🤖 AI Summary
This work investigates the root cause of cross-lingual performance inconsistency in bilingual/multilingual models, identifying imbalanced data quality—not merely data quantity—as the key factor behind the anomalous degradation of high-resource language performance (e.g., English). It is the first systematic study to reveal the dominant role of data quality in bilingual pretraining. The authors propose a lightweight, confidence- and consistency-based data quality scoring and filtering method leveraging language model outputs, and establish a comparative analytical framework for monolingual versus bilingual models.
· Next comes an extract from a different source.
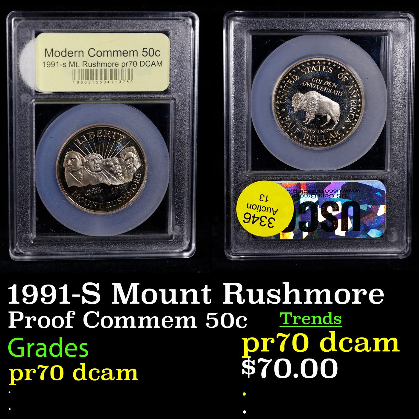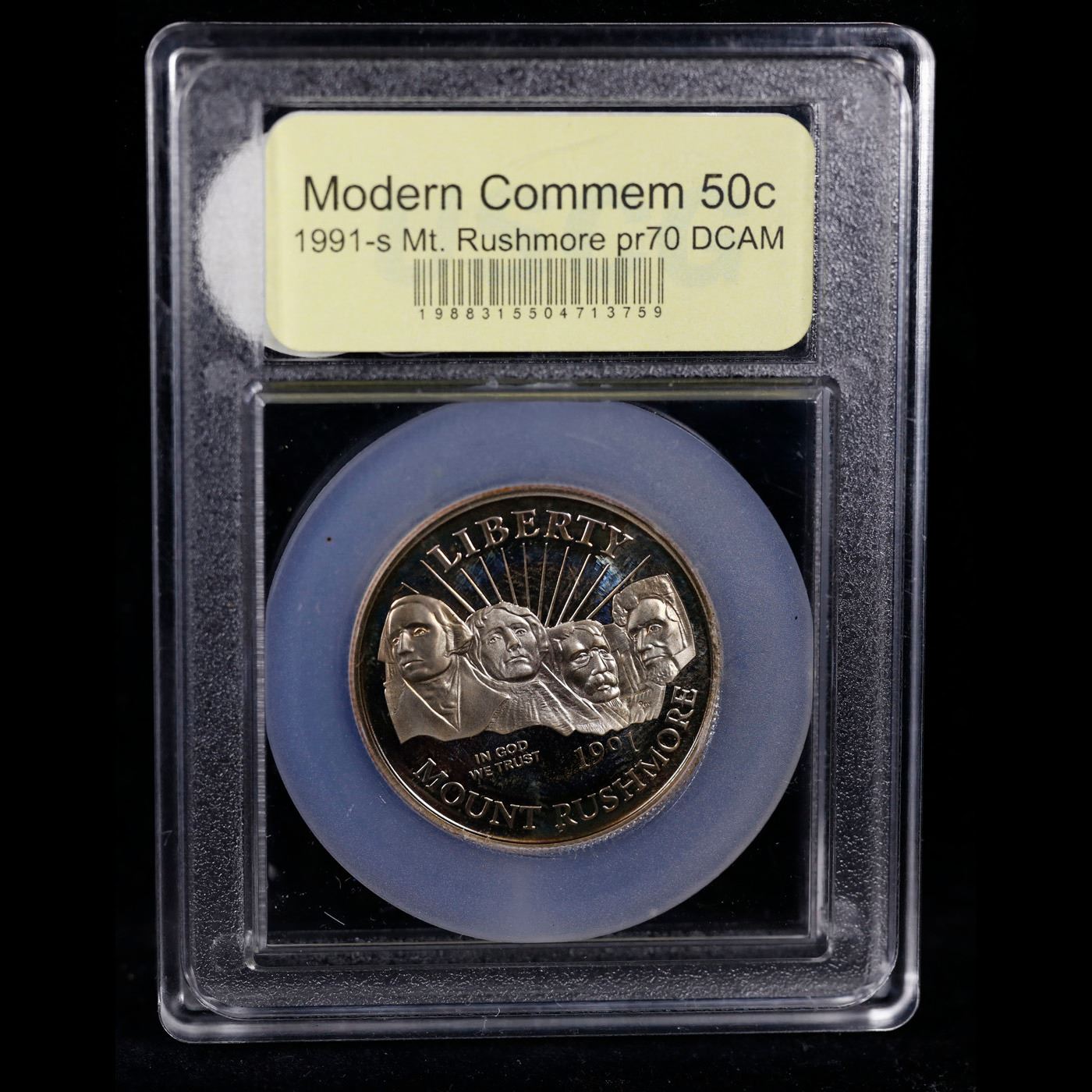 1991-S Mount Rushmore Modern Commem Half Dollar 50c Graded GEM++ Proof Deep Cameo By USCG. Issued to celebrate the Golden Anniversary of Mount Rushmore. A perfect Proof Example. Graded PR70 DCAM by USCG.
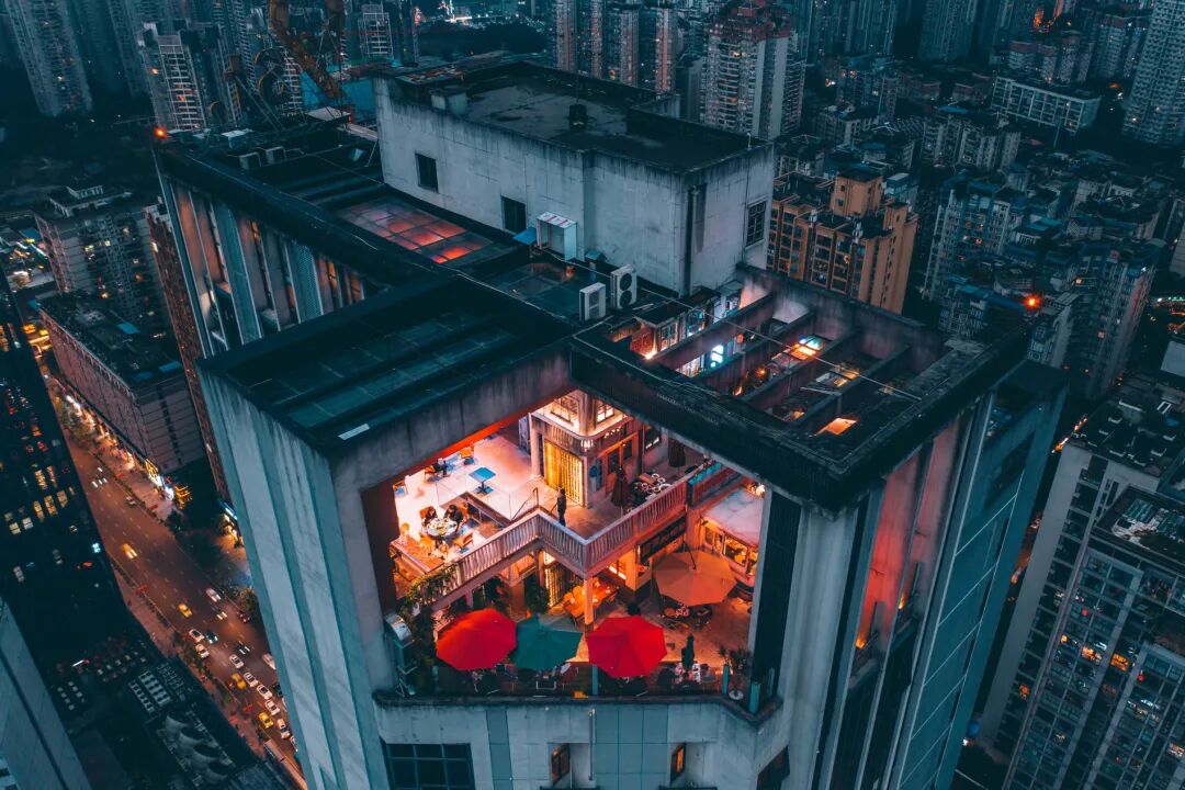 项目介绍 | 市井烟火气,在这空间里呈现出引人入境的享受, “人间烟火气,最抚凡人心”让来到这里的人,重返80年代,自由放松的在天台摆龙门阵、看电影、喝酒、划拳、跳舞。将复古场景与当代潮流结合,当夜幕降临,城市的夜景亮起,在重庆最繁华的商圈47楼之上,一览无遗城市璀璨的灯光,这便形成独有的天台文化。

Crucially, high-quality English monolingual data alone suffices to effectively identify high-quality bilingual corpora. Empirical evaluation on French, German, and Chinese shows that monolingual performance improves by 2–4%, while inter-lingual performance gaps in bilingual models shrink to ≤1%, substantially alleviating multilingual performance imbalance.
📝 Abstract
Bilingual and multilingual language models offer a promising path toward scaling NLP systems across diverse languages and users. However, their performance often varies wildly between languages as prior works show that adding more languages can degrade performance for some languages (such as English), while improving others (typically more data constrained languages). In this work, we investigate causes of these inconsistencies by comparing bilingual and monolingual language models. Our analysis reveals that unequal data quality, not just data quantity, is a major driver of performance degradation in bilingual settings. We propose a simple yet effective data filtering strategy to select higher-quality bilingual training data with only high quality English data. Applied to French, German, and Chinese, our approach improves monolingual performance by 2-4% and reduces bilingual model performance gaps to 1%. These results highlight the overlooked importance of data quality in multilingual pretraining and offer a practical recipe for balancing performance.